Can I ask, What triggers the eventual calling of rsl_rx_rf_chan_rel_ack(),
the actual arrival of the REL_ACK message.
So it won't ever be called, once it's "lost" What I don't understand is how it can get lost. Or arrive out of order of something, that's not possible with tcp is it? I have tried momentarily interrupting the connection BSC<->BTS with iptables but I cannot as yet provoke the event that causes this.. ah just now it happens again (meanwhile I am watching a straight ping to the bts (for what it's worth) and I see nothing unusual there. Maybe this actually has not got to do with the wifi link after all, and that is just coincidence?
<0004> abis_rsl.c:717 (bts=0,trx=0,ts=1,ss=0) RF CHANNEL RELEASE ACK <0004> abis_rsl.c:735 (bts=0,trx=0,ts=1,ss=0) CHAN REL ACK for broken channel. Releasing it. <0004> abis_rsl.c:211 (bts=1,trx=0,ts=1,ss=1) Timeout during activation. Marked as broken. <0004> abis_rsl.c:211 (bts=1,trx=0,ts=1,ss=0) Timeout during activation.

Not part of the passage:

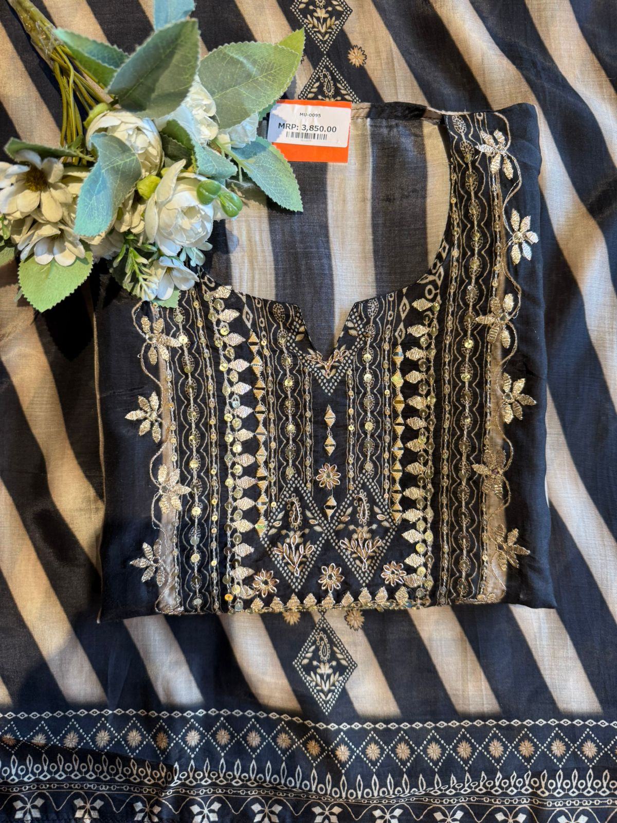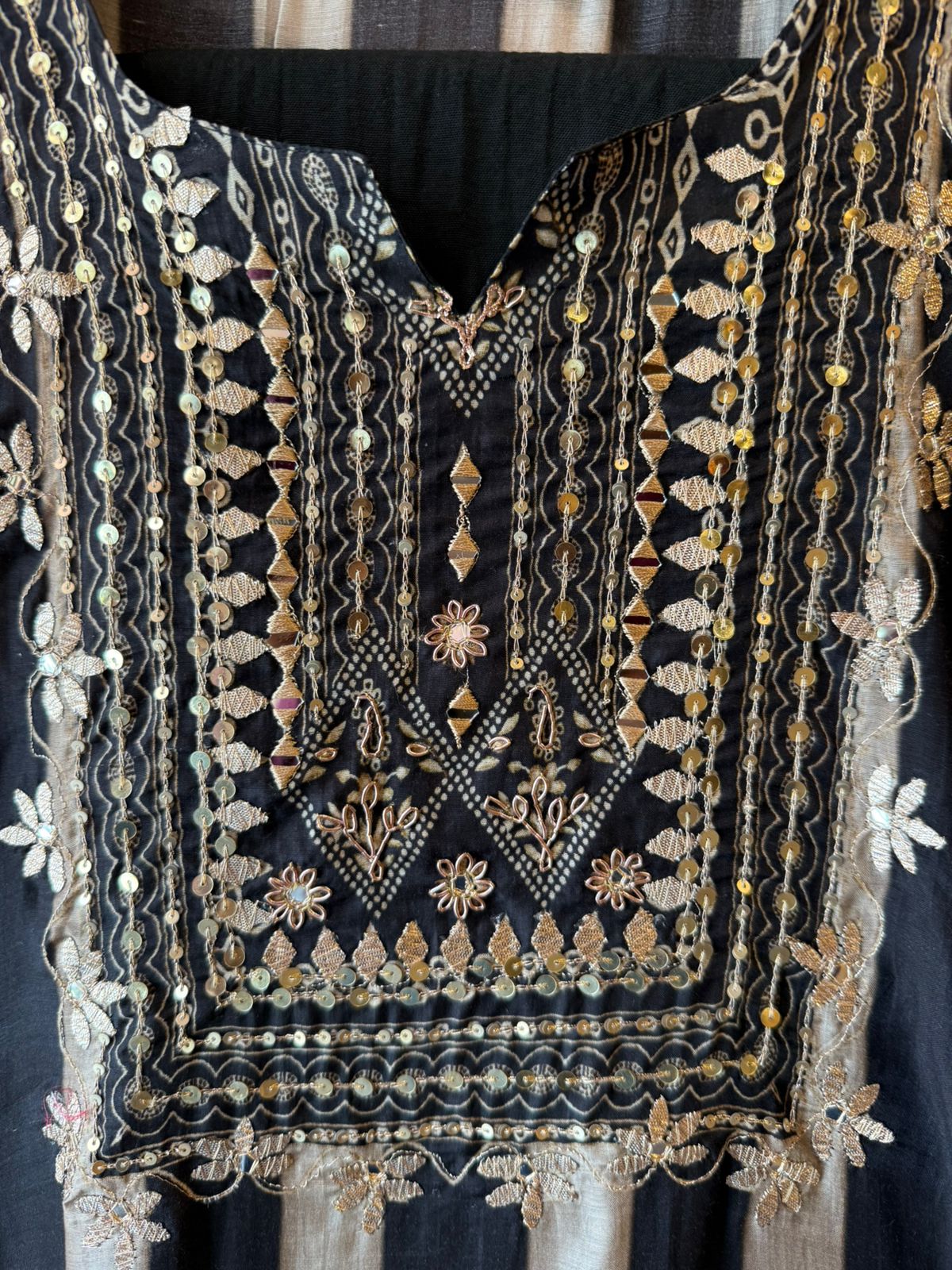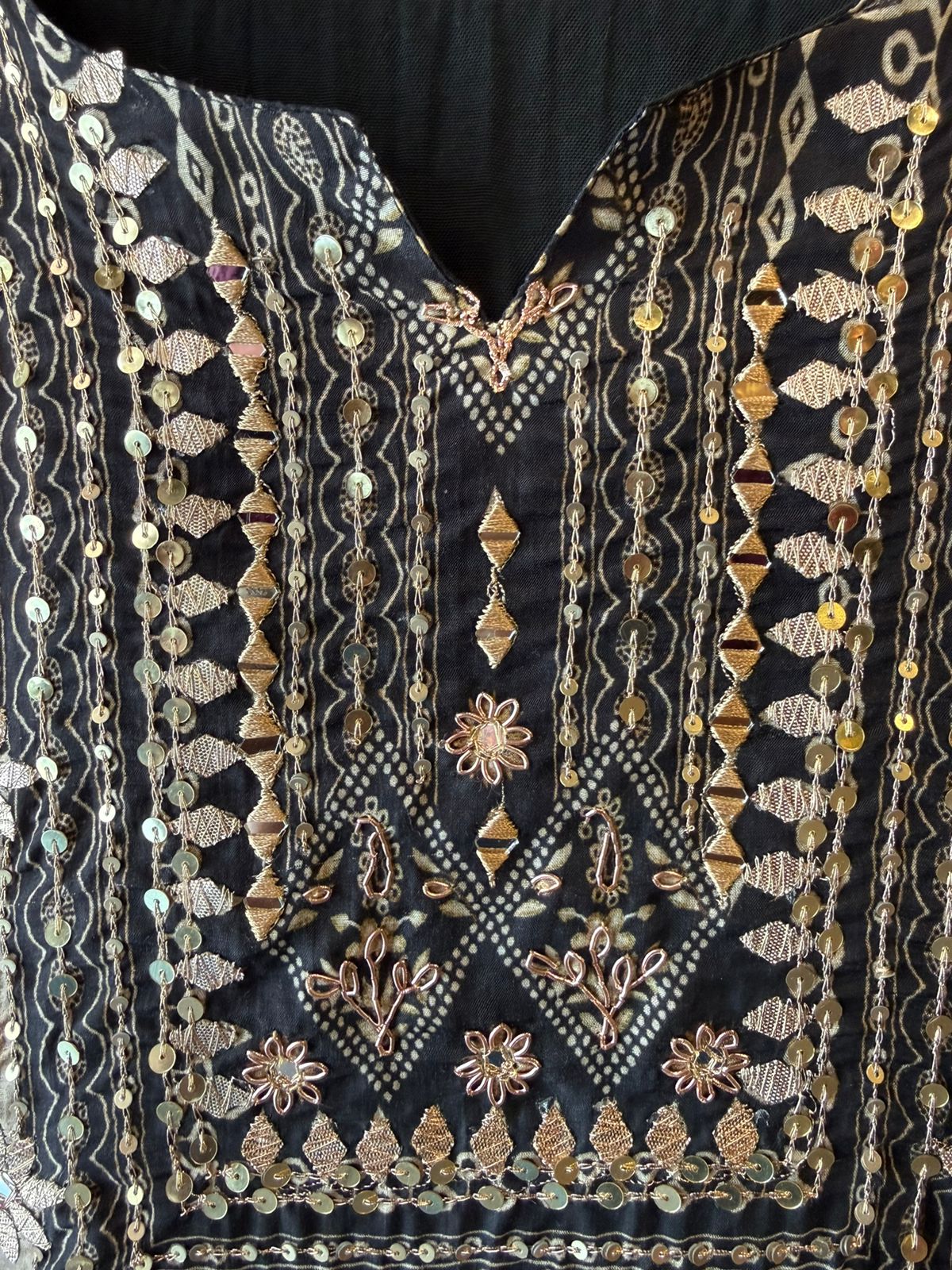The neck is beautifully decorated with Sippi/Leather Patti’s/Embroidered with metallic wires.

Marked as broken. <0004> abis_rsl.c:211 (bts=1,trx=0,ts=1,ss=2) Timeout during activation. Marked as broken. <0004> abis_rsl.c:211 (bts=1,trx=0,ts=1,ss=3) Timeout during activation. Marked as broken. <0004> abis_rsl.c:211 (bts=1,trx=0,ts=1,ss=4) Timeout during activation. Marked as broken. <0004> abis_rsl.c:1464 (bts=1,trx=0,ts=1,ss=5) Activating ARFCN(251) SS(5) lctype SDCCH r=LOCATION_UPDATE ra=0x0b ta=3 <0004> abis_rsl.c:1464 (bts=1,trx=0,ts=1,ss=6) Activating ARFCN(251) SS(6) lctype SDCCH r=LOCATION_UPDATE ra=0x0f ta=3 <0004> abis_rsl.c:1464 (bts=1,trx=0,ts=1,ss=7) Activating ARFCN(251) SS(7) lctype SDCCH r=LOCATION_UPDATE ra=0x0a ta=3 <0004> abis_rsl.c:1464 (bts=0,trx=0,ts=1,ss=0) Activating ARFCN(249) SS(0) lctype SDCCH r=LOCATION_UPDATE ra=0x0c ta=2 <0004> abis_rsl.c:1464 (bts=0,trx=0,ts=1,ss=1) Activating ARFCN(249) SS(1) lctype SDCCH r=OTHER ra=0x1c ta=1 <0004> abis_rsl.c:1464 (bts=0,trx=0,ts=1,ss=2) Activating ARFCN(249) SS(2) lctype SDCCH r=LOCATION_UPDATE ra=0x0d ta=2 <0004> abis_rsl.c:1464 (bts=0,trx=0,ts=1,ss=3) Activating ARFCN(249) SS(3) lctype SDCCH r=OTHER ra=0x10 ta=1 <0004> abis_rsl.c:1464 (bts=0,trx=0,ts=1,ss=4) Activating ARFCN(249) SS(4) lctype SDCCH r=LOCATION_UPDATE ra=0x07 ta=2 <0004> abis_rsl.c:1464 (bts=0,trx=0,ts=1,ss=5) Activating ARFCN(249) SS(5) lctype SDCCH r=OTHER ra=0x17 ta=1 <0004> abis_rsl.c:211 (bts=1,trx=0,ts=1,ss=5) Timeout during activation. Marked as broken. <0004> abis_rsl.c:211 (bts=1,trx=0,ts=1,ss=6) Timeout during activation. Marked as broken. <0004> abis_rsl.c:211 (bts=1,trx=0,ts=1,ss=7) Timeout during activation. Marked as broken. <0004> abis_rsl.c:211 (bts=0,trx=0,ts=1,ss=0) Timeout during activation. Marked as broken. <0004> abis_rsl.c:211 (bts=0,trx=0,ts=1,ss=1) Timeout during activation. Marked as broken. <0004> abis_rsl.c:211 (bts=0,trx=0,ts=1,ss=2) Timeout during activation. Marked as broken. <0004> abis_rsl.c:211 (bts=0,trx=0,ts=1,ss=3) Timeout during activation. Marked as broken. <0004> abis_rsl.c:211 (bts=0,trx=0,ts=1,ss=4) Timeout during activation. Marked as broken. <0004> abis_rsl.c:211 (bts=0,trx=0,ts=1,ss=5) Timeout during activation. Marked as broken.